## ABOUT THIS EXERCISE:
Keeping every word the same, give again only the lines from the one with "Parallelamente, i riflettori" through the end of the data, both included, and leave every picture out.

Stored dataset items
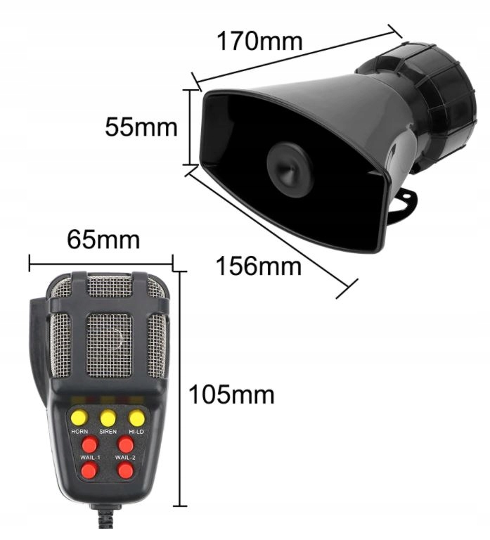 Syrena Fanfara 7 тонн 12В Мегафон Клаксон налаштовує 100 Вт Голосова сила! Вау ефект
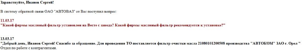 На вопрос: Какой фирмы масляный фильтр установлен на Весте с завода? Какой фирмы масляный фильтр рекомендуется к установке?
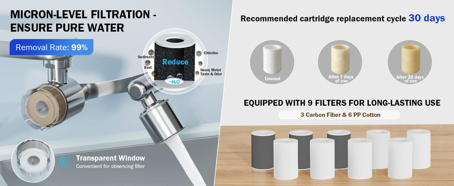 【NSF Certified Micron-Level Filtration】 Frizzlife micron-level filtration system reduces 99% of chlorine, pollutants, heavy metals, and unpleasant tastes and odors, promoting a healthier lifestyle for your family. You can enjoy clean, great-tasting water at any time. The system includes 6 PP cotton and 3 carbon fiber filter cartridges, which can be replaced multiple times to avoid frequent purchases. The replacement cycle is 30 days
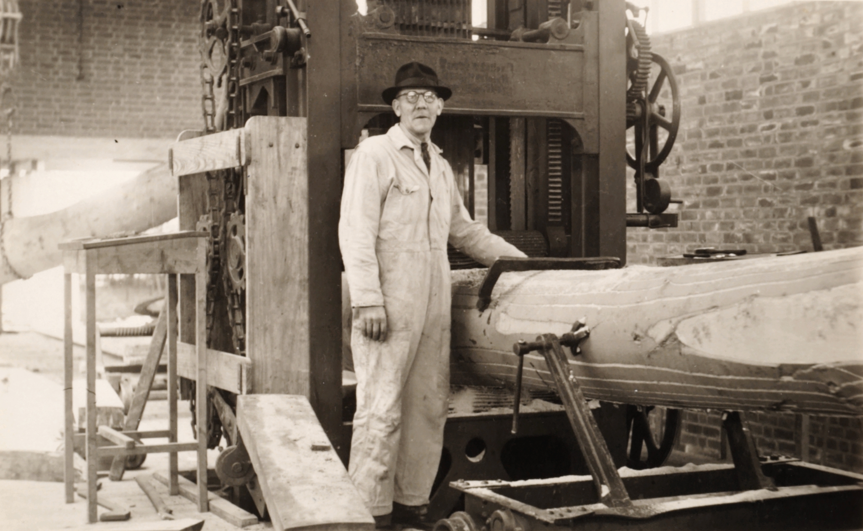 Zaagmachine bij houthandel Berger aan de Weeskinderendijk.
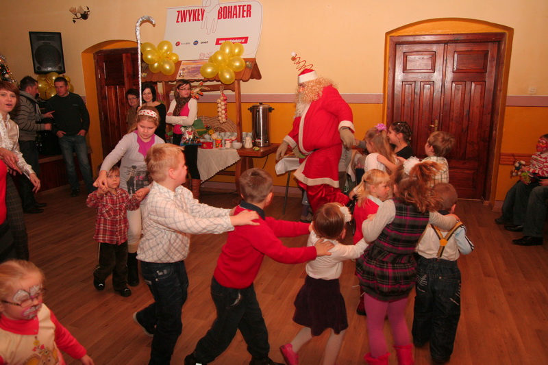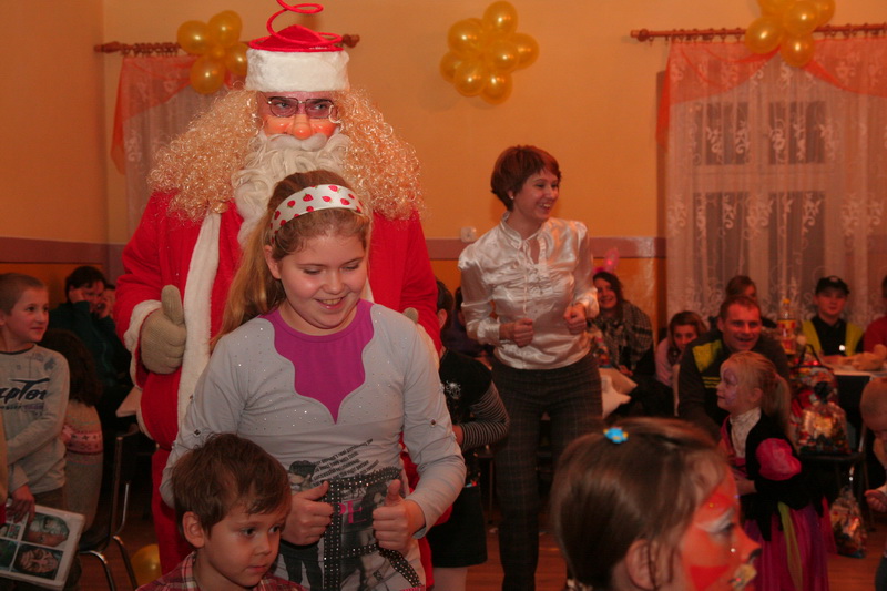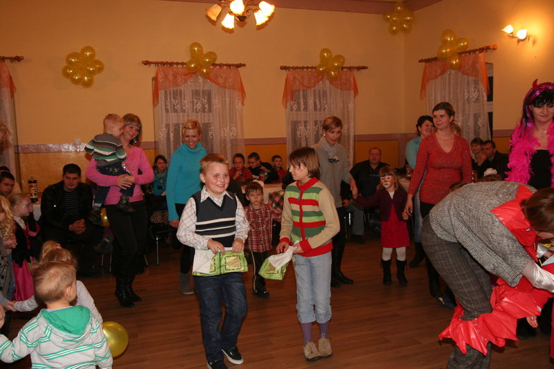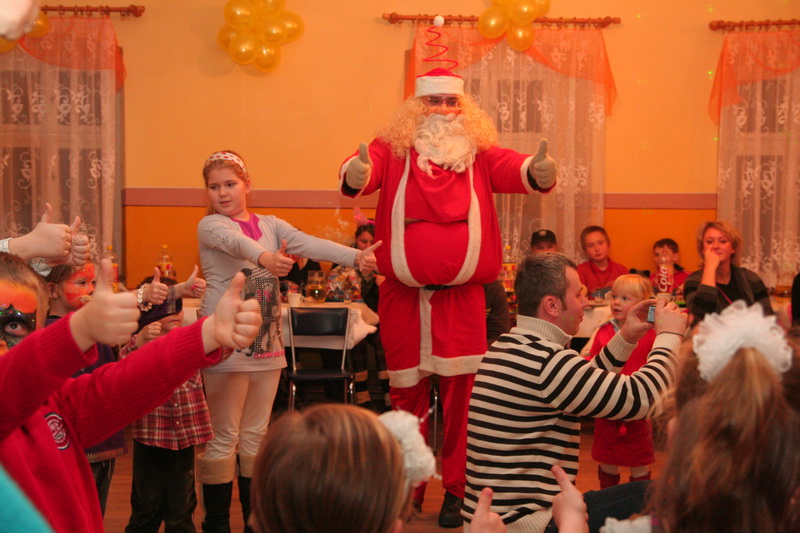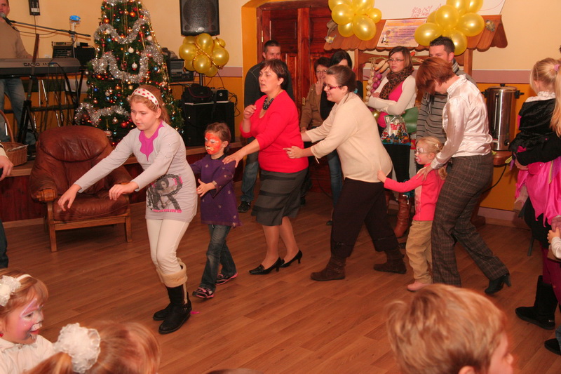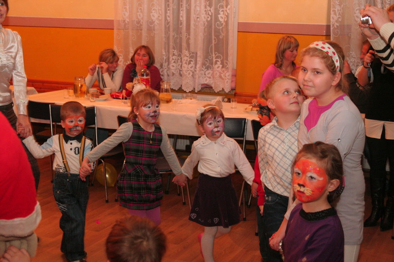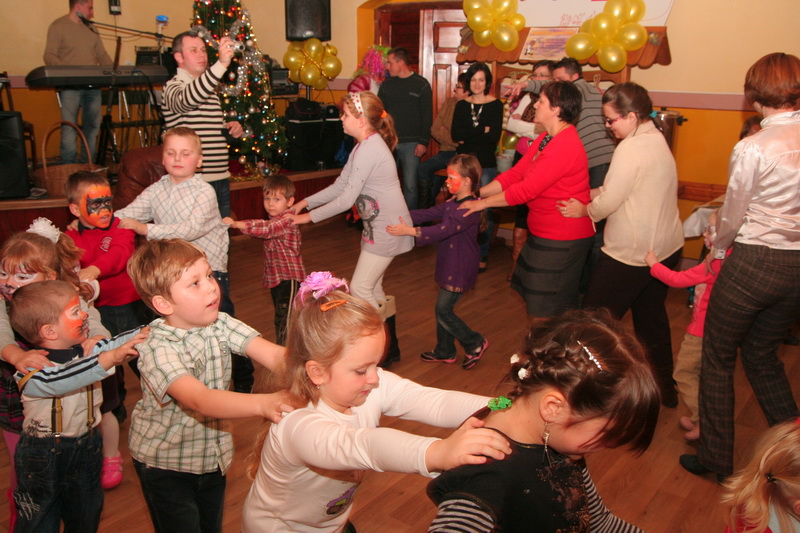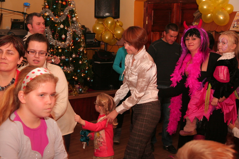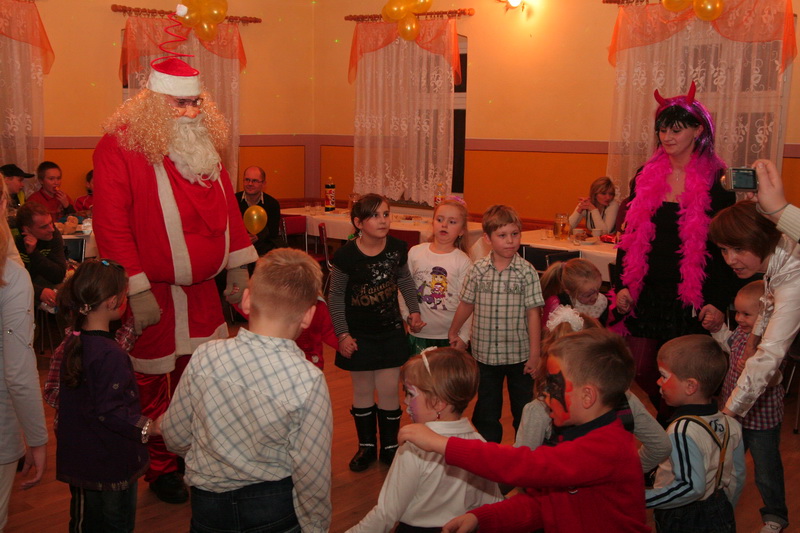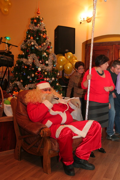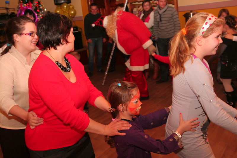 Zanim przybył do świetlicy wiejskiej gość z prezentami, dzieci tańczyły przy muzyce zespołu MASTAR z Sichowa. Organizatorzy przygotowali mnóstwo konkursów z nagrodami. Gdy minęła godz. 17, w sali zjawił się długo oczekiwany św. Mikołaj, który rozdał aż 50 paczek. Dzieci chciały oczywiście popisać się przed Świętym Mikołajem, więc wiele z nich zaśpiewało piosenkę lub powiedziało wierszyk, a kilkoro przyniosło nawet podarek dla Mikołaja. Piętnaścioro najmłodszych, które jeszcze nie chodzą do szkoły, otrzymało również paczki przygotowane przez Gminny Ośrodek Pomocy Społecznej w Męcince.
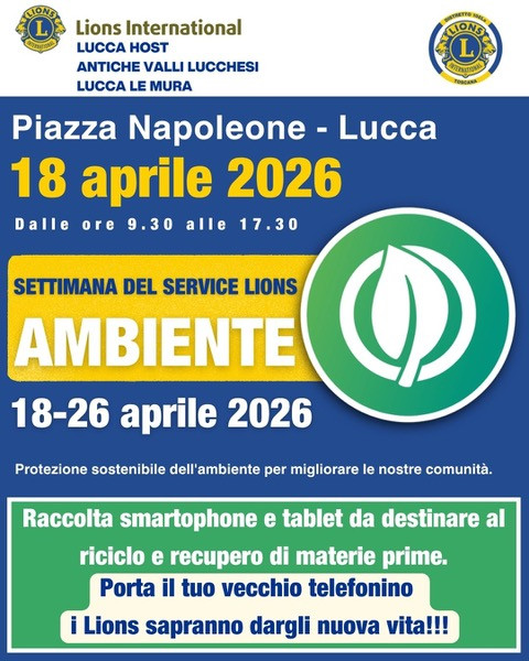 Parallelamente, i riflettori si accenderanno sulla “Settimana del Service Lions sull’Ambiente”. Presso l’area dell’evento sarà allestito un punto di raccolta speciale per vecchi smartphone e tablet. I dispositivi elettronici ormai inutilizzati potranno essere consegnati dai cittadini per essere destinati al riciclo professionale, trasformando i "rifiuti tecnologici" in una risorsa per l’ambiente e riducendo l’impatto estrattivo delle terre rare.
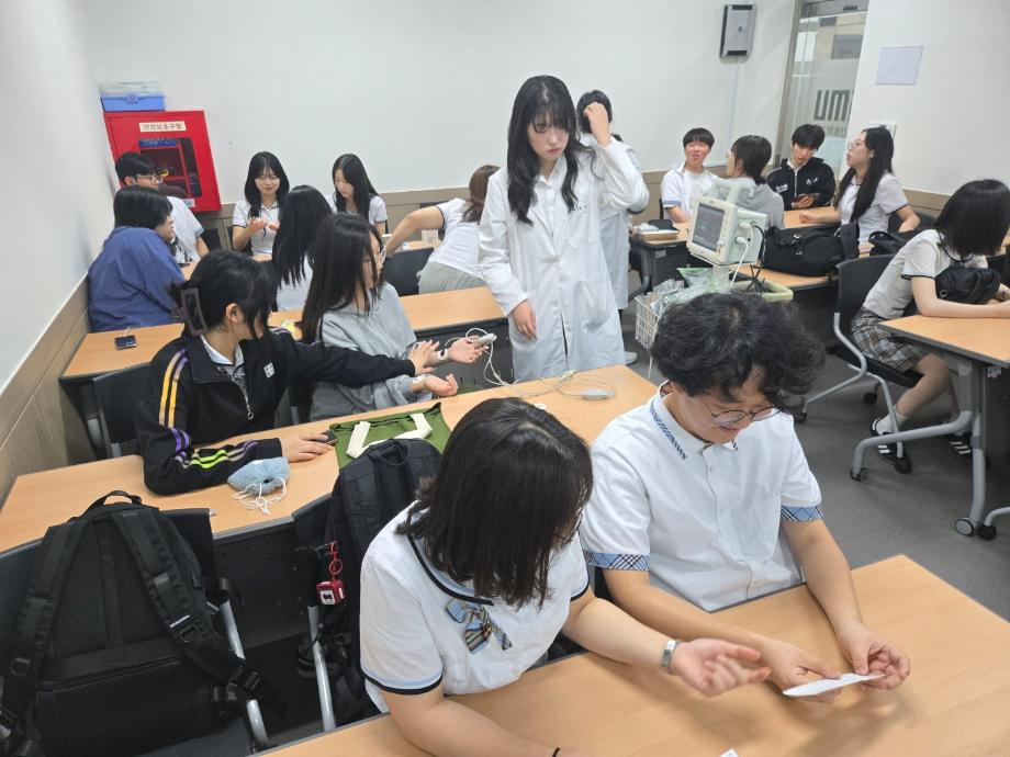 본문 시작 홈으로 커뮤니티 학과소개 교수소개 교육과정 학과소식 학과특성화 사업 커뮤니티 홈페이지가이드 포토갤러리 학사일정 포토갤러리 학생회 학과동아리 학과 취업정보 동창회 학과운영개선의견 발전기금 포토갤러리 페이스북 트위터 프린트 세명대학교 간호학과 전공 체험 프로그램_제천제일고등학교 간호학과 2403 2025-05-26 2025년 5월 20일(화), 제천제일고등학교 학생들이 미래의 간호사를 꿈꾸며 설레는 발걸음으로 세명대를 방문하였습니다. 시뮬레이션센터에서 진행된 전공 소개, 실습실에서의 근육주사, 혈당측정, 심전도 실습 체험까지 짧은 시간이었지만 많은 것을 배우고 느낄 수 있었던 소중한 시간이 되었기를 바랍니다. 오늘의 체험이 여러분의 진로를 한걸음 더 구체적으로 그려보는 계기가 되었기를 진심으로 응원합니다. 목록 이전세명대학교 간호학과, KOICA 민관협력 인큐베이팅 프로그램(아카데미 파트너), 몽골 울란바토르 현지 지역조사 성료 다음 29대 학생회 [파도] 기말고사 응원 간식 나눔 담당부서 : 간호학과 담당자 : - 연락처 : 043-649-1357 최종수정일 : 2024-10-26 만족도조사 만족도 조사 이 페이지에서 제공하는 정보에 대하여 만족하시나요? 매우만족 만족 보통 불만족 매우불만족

## TASK SOLUTION:
 Parallelamente, i riflettori si accenderanno sulla “Settimana del Service Lions sull’Ambiente”. Presso l’area dell’evento sarà allestito un punto di raccolta speciale per vecchi smartphone e tablet. I dispositivi elettronici ormai inutilizzati potranno essere consegnati dai cittadini per essere destinati al riciclo professionale, trasformando i "rifiuti tecnologici" in una risorsa per l’ambiente e riducendo l’impatto estrattivo delle terre rare.
 본문 시작 홈으로 커뮤니티 학과소개 교수소개 교육과정 학과소식 학과특성화 사업 커뮤니티 홈페이지가이드 포토갤러리 학사일정 포토갤러리 학생회 학과동아리 학과 취업정보 동창회 학과운영개선의견 발전기금 포토갤러리 페이스북 트위터 프린트 세명대학교 간호학과 전공 체험 프로그램_제천제일고등학교 간호학과 2403 2025-05-26 2025년 5월 20일(화), 제천제일고등학교 학생들이 미래의 간호사를 꿈꾸며 설레는 발걸음으로 세명대를 방문하였습니다. 시뮬레이션센터에서 진행된 전공 소개, 실습실에서의 근육주사, 혈당측정, 심전도 실습 체험까지 짧은 시간이었지만 많은 것을 배우고 느낄 수 있었던 소중한 시간이 되었기를 바랍니다. 오늘의 체험이 여러분의 진로를 한걸음 더 구체적으로 그려보는 계기가 되었기를 진심으로 응원합니다. 목록 이전세명대학교 간호학과, KOICA 민관협력 인큐베이팅 프로그램(아카데미 파트너), 몽골 울란바토르 현지 지역조사 성료 다음 29대 학생회 [파도] 기말고사 응원 간식 나눔 담당부서 : 간호학과 담당자 : - 연락처 : 043-649-1357 최종수정일 : 2024-10-26 만족도조사 만족도 조사 이 페이지에서 제공하는 정보에 대하여 만족하시나요? 매우만족 만족 보통 불만족 매우불만족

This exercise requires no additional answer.